Blizzard is a smart company. They’re not about to release a product that would eat into the margins they’re making on World of Warcraft. Starcraft II and Diablo III are certainly not poised to convert WoW players. Instead, I believe these two products are targeted toward two groups: fans of these franchises and players who have grown bored with WoW. Current WoW players may fall into both categories, but for those who are still continuing to pay the monthly fees, don’t expect them to drop Warcraft. World of Warcraft’s social aspect is too powerful. Starcraft II and Diablo III then are perfectly positioned to fill the gap between content releases for WoW. For players who are tired of the mindless grind of Warcraft or are simply biding their time for the next expansion or content patch, Blizzard’s next two titles will be a welcomed addition.
Of course, Blizzard may yet surprise us. Remember Starcraft Ghost? It seems in retrospect that the first person shooter set in the Starcraft universe was little more than a cover project for WoW, and while I don’t think they’ll abandon a Starcraft II RTS (or Diablo III RPG for that matter), there is always the possibility that there’s something else brewing in the depths of their headquarters.

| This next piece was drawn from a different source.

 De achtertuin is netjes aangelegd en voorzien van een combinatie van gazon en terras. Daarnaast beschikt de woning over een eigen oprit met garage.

How might Blizzard create another MMO that would coexist with their current ecosystem? I’ve pondered this question off and on for a while and can think of a couple strategies Blizzard might employ. First, there could be the potential for a “combined account” system where players of one game could purchase a second game and attach the license to their account. Whether Blizzard charged an additional fee or not is simply a matter left to their sales department to decide. By charging another $15 fee for a second MMO, they’d run the risk of cannibalizing either game and driving it to ruin. On the other hand, if they charged a marginal fee–or no fee–for a second game so long as you paid for a unified account, they could gather revenues from two sources: additional boxed sets (though this only covers the cost of production with a little profit for other costs) and new accounts from people willing to play, for example, a Starcraft MMO but unwilling to pay for World of Warcraft. In my opinion, the second option would be smarter and most players would probably be willing to pay an additional $3-$5 to support a second game type; I sincerely doubt I’d be willing to shell out nearly $30 just to have access to two games I am incapable of playing at the same time!

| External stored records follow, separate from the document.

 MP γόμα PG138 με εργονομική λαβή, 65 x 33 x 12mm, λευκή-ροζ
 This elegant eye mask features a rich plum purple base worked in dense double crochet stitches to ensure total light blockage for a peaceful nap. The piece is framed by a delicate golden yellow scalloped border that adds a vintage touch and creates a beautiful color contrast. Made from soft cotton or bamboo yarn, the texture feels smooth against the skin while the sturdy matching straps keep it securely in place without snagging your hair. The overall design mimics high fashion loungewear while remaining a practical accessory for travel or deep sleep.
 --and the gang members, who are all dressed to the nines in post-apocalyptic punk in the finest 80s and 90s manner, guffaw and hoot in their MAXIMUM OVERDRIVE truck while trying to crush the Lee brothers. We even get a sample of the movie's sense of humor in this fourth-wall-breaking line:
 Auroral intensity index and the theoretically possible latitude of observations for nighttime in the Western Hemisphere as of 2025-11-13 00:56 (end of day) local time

There are some who believe Wrath of the Lich King is the last major content installment Blizzard has planned for WoW and thus hastens their believe that another MMO may be planned for some point in the future. However, it is important not to overlook gaps in the lore itself that has yet to be covered. The Emerald Dream, for example, has yet to be explored in any content patch or expansion and is a perfect target for the next major release. In WotLK, the dragon aspects of the red, bronze, and green flights have unified and are openly receiving aid from the mortal world. Given the ties of the green dragonflight to the emerald dream, it would hardly be surprising to see the lore open further as bold adventurers plow headlong into portals across the world that lead into the dream itself. There are also numerous allusions made throughout the lore toward the unrest and nightmares existing within the emerald dream itself, from the Wailing Caverns to the druid level 70 flight form quest to a quest line available in Icecrown.

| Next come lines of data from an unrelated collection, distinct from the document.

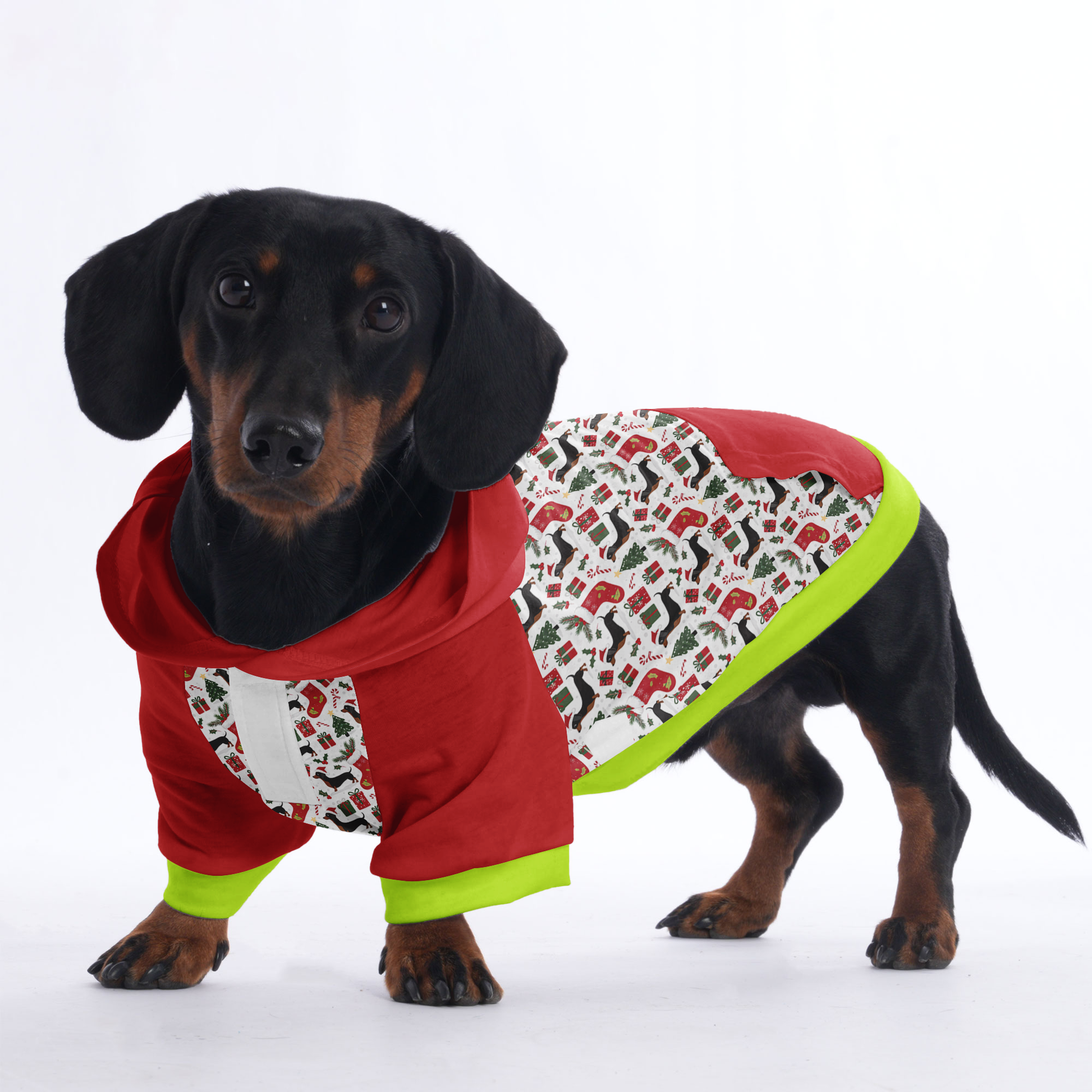 Dress your dachshund in style and comfort with our custom-designed hoodies, perfect for dachshunds and other small dog breeds.
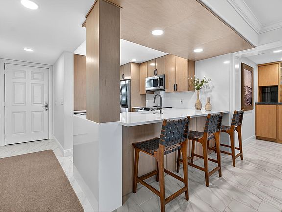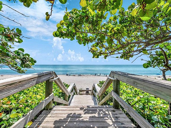 LIVE WHERE OTHERS VACATION! Fabulous Location with Amazing Direct Ocean Views!!! Beautifully and Luxuriously Renovated this top Floor Corner 2 bed 2 bath condo just steps to the beach and the turquoise waters of the Atlantic Ocean! Every detail has been thoughtfully curated & impeccably upgraded. The bright & open floor plan has floor to ceiling impact slider's in the Living areas which flood the space with natural light & provides unobstructed ocean views. The kitchen features custom wood cabinetry, quartz countertops, SS appliance package including a smart range (air fryer, convection oven), wine fridge, and modern sleek pantry & appliance cabinets. The primary suite features floor to ceiling slider's accessing a private balcony, remote custom blackout shades, a redesigned master bath with an oversized walk-in shower, porcelain tile floors, elegant modern fixtures, & a custom walk-in closet. The "one of a kind" laundry room has been totally redesigned with custom wood cabinetry showcasing an elegant bar for entertaining while hiding the washer & dryer. A separate 9x8 storage room with custom closets finishes the space. Other features include 2 large balconies to enjoy the views, crown moldings, smooth ceilings, frameless shower doors, custom vanities, and a tankless water htr. THIS IS AN ABSOLUTE MUST SEE!! NO OTHER UNIT IN OCEAN BLUFFS SOUTH HAS BEEN RENOVATED TO THIS CALIBER! Amenities include a Heated Pool & Spa, Tennis/Pickleball & 2 beach walkovers. Ocean Bluffs South is a gated beachfront community located close to Jupiter's finest restaurants, shops, golf courses, walking & biking paths, parks, theaters & more. Mins to Juno Beach Pier & Jupiter Lighthouse. 25 mins to PBI airport.
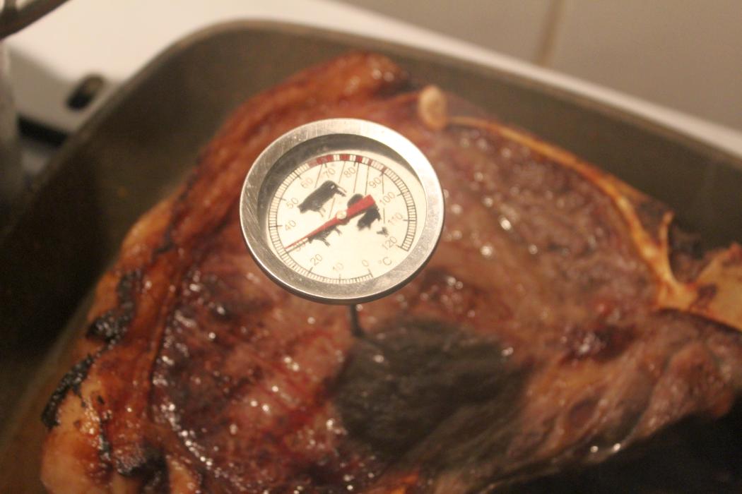 Da ich nicht jeden Tag so einen Trümmer in der Pfanne zubereite, benutze ich schon in der Pfanne, gegen Ende der Garzeit in der Pfanne mein Kernthermometer, um eine Einschätzung zu bekommen, wie weit das Steak gegart ist und um eine Idee zu bekommen, wie lange ich noch im Ofen beim Nachgaren brauche. Wie gesagt, ich habe da nur Unterhitze, der Rest der Welt hat ja Ober- und Unterhitze. Nach insgesamt 16 Minuten auf dem Herd, gebe ich dem Fleisch noch einmal 20 Minuten im Ofen.
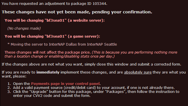 From here you will need to fill out the form with your current server info that was brought up via the Description tab. Only make changes where necessary. As you can see, the only change I have made is to the location. If you have a Ventrilo or Higher CPU priority or second server in your package, don't forget to include them as well or you will lose them. At the bottom be sure to select This is a change to an existing server.
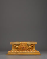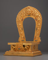 Every detail of this gold-plated copper throne is enhanced with vibrant turquoise and coral stones, which bring color, energy, and protection to your sacred space. Turquoise represents healing and balance, while coral symbolizes compassion and vitality; together, they create harmony within the spiritual environment. The throne’s intricate floral and auspicious motifs are hand-carved with exceptional precision, showcasing the artisan’s dedication to preserving traditional Buddhist aesthetics. Its elevated platform not only enhances the grandeur of the deity placed upon it but also signifies respect for the enlightened state.

Icecrown also plays a role in exposing the player again to Mal’Ganis who has appeared to escape death at the hands of Arthas. When it is discovered that Mal’Ganis is in charge of the Scarlet Onslaught and he is beaten back, the dreadlord flees to the Nathrezim homeworld. Although it is unlikely to be expanded upon at this point, Blizzard has available further lore regarding the dreadlords, the plague, and perhaps a final, pivotal battle with the Burning Legion. In short: WoW is long from dead yet, even when the world is at the heels of the Lich King (although Malygos is destroyed in WotLK, thus removing one of the more significant barriers blocking the dragon aspects).
Unless Blizzard intends to create an accounting system that would accommodate multiple games, don’t expect to see MMOs from the company just yet. The MMO market it saturated, and Blizzard would be foolish to release another $15 per month game when WoW still has the capacity for generating more revenue on the long haul.